Liz is one of the driving forces behind the NICU’s Cuddler Program. She was the very first volunteer. With a smile on her face, she said, “It's the most important thing other than raising my own children that I've ever done.” The Cuddlers started a year and a half ago. “We needed somebody to be here all the time,” Liz said. “And we're staffing from 8 a.m. until 9 p.m. seven days a week because the hospital never closes.”

There are 37 trained Cuddlers. Fifty people are on the waiting list. Robin Jennings spends three or four hours several days a week holding and loving the babies in the unit. “I'm in training for grandmothership,” she said laughing. “We don't have any grandchildren so this is great practice.” But it’s more than that. “It's such an opportunity to give love, you know, share love and hope for these children that are sick,” Jennings said.

On average, 1,200 babies come through the Regional NICU every year. Smith adds, “And our job is to love them and help the staff and help the families while they are here.” Some have medical problems. “We do have a lot of intensive premature babies, infants but we have a large number of full term babies that are critically ill,’ Smith said.
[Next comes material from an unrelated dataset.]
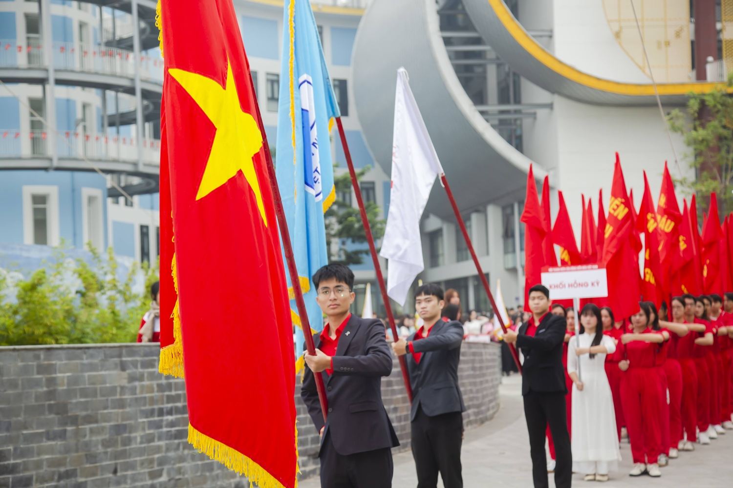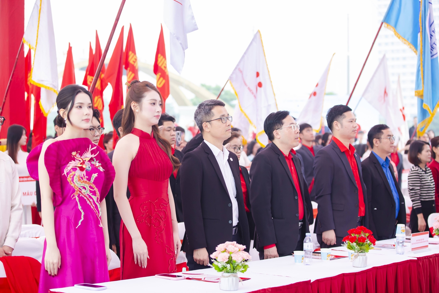 Các đại biểu thực hiện nghi lễ chào cờ.

Others are there because of Neonatal Abstinence Syndrome or NAS. They’re addicted to drugs the mother took before giving birth. “It's tragic,” Smith said. “Their neurological systems are messed up. They're going through withdrawals.” One of the best treatments is rocking and just holding them. Smith adds, “They need constant attention and they need constant love and holding and personal touch.”

Robin Jennings loves being a volunteer Cuddler. “I think there's just a spirit here that is of goodness and joy and helpfulness and compassion, all of those things that work so well together,” Jennings said. “It's the one thing that I treasure more than anything else I've ever done.”